Daniel: So, because I've thought about—we spoke about this, about my place. If you rented yours out. I think at the peak of interest rates and what we think we would rent our house for, it was about a 33% premium. So we're probably sitting in that 50, 60% with the mortgage. Versus if you're renting, you're probably down at like 40%.

Rory: Yeah, 30 to 40%. I'd say, yeah, probably in that middle 35%, aye. Let's just say that because you take away some of those costs, you're not paying rates, you're not paying maintenance as well.

Daniel: Absolutely. Just paying your utilities. It's a fixed cost.

Rory: Yeah, you're just paying your utilities. So, I mean, there's no question about it that it's going to be much cheaper if you are renting, you know? In the short term.

Daniel: Right. But if you're owning, obviously you've neutralised, you've set the lid on your expenses of your household. You know, you said, look, this is what I pay for the property and one day the house can be paid off. You know, you neutralise your cost to live.

Rory: And then you can't do DIY on a rental, you know?

Daniel: Oh, so what sort of life are you going to be living?

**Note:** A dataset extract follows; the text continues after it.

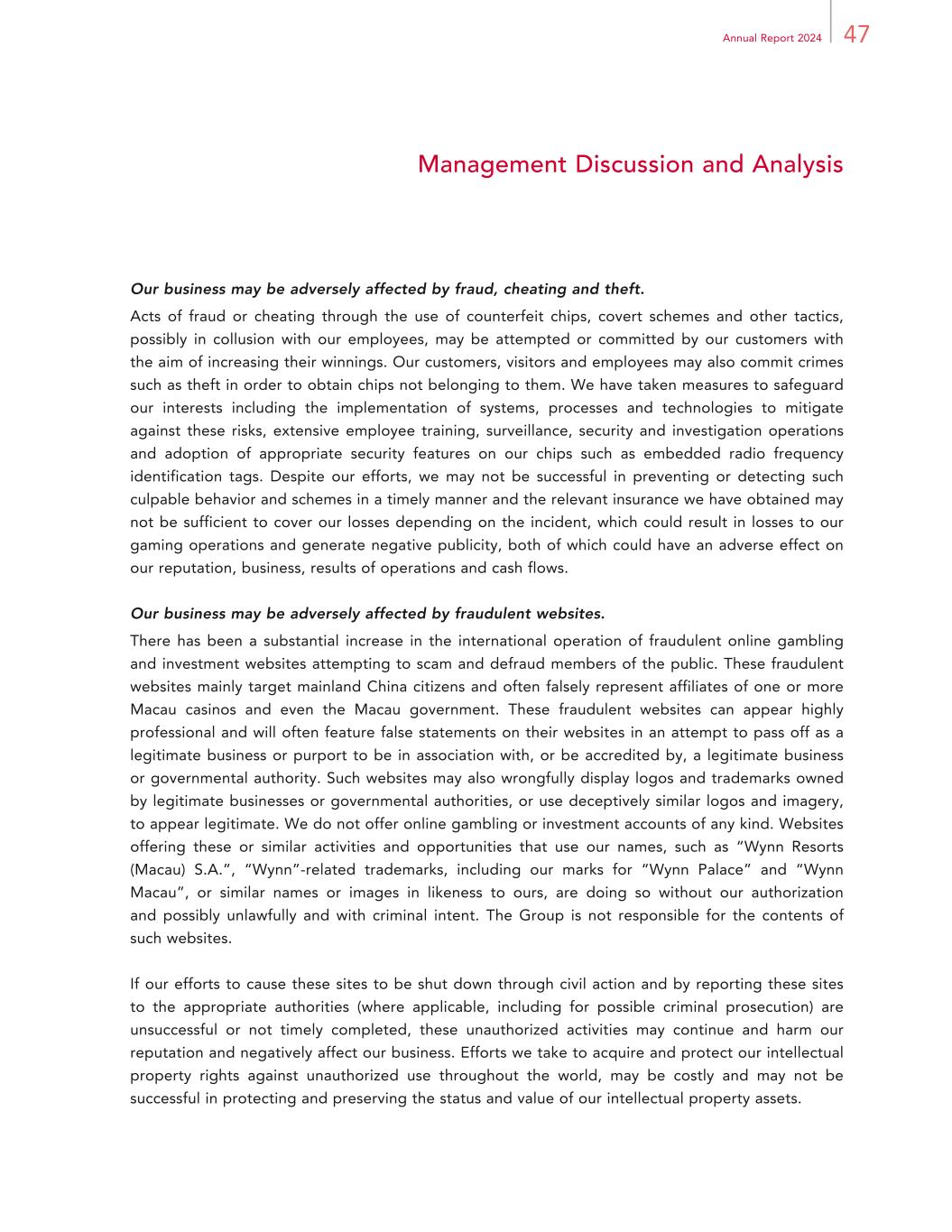 47Annual Report 2024 Management Discussion and Analysis Our business may be adversely affected by fraud, cheating and theft. Acts of fraud or cheating through the use of counterfeit chips, covert schemes and other tactics, possibly in collusion with our employees, may be attempted or committed by our customers with the aim of increasing their winnings. Our customers, visitors and employees may also commit crimes such as theft in order to obtain chips not belonging to them. We have taken measures to safeguard our interests including the implementation of systems, processes and technologies to mitigate against these risks, extensive employee training, surveillance, security and investigation operations and adoption of appropriate security features on our chips such as embedded radio frequency identification tags. Despite our efforts, we may not be successful in preventing or detecting such culpable behavior and schemes in a timely manner and the relevant insurance we have obtained may not be sufficient to cover our losses depending on the incident, which could result in losses to our gaming operations and generate negative publicity, both of which could have an adverse effect on our reputation, business, results of operations and cash flows. Our business may be adversely affected by fraudulent websites. There has been a substantial increase in the international operation of fraudulent online gambling and investment websites attempting to scam and defraud members of the public. These fraudulent websites mainly target mainland China citizens and often falsely represent affiliates of one or more Macau casinos and even the Macau government. These fraudulent websites can appear highly professional and will often feature false statements on their websites in an attempt to pass off as a legitimate business or purport to be in association with, or be accredited by, a legitimate business or governmental authority. Such websites may also wrongfully display logos and trademarks owned by legitimate businesses or governmental authorities, or use deceptively similar logos and imagery, to appear legitimate. We do not offer online gambling or investment accounts of any kind. Websites offering these or similar activities and opportunities that use our names, such as “Wynn Resorts (Macau) S.A.”, “Wynn”-related trademarks, including our marks for “Wynn Palace” and “Wynn Macau”, or similar names or images in likeness to ours, are doing so without our authorization and possibly unlawfully and with criminal intent. The Group is not responsible for the contents of such websites. If our efforts to cause these sites to be shut down through civil action and by reporting these sites to the appropriate authorities (where applicable, including for possible criminal prosecution) are unsuccessful or not timely completed, these unauthorized activities may continue and harm our reputation and negatively affect our business. Efforts we take to acquire and protect our intellectual property rights against unauthorized use throughout the world, may be costly and may not be successful in protecting and preserving the status and value of our intellectual property assets.

Rory: Depends if the landlord's your mate. I had a client who had a rental property, had the tenants in there for 20 years and they said, look, I'm going to rent forever and they were a bit handy. They said, can I just make the place a home? They said, yeah, no problem. And so they let them fully renovate the bathroom. It's like if you want to spend your money on that, go for it.

Daniel: That's crazy. Like the landlord's living the dream here, right? I mean, how good does it get?

Rory: Next minute the valuation's gone up and he decides he wants to flick it.

Daniel: Flips it, aye.

Rory: Do you want to do the laundry before we move on?

Daniel: Oh my God, that would be naughty.

Rory: That's what people are spending on housing and I feel like if that was stretched out to 40 years, then yeah, it's not making financial sense long term, but we'll have a chat about that when we do our numbers in a bit.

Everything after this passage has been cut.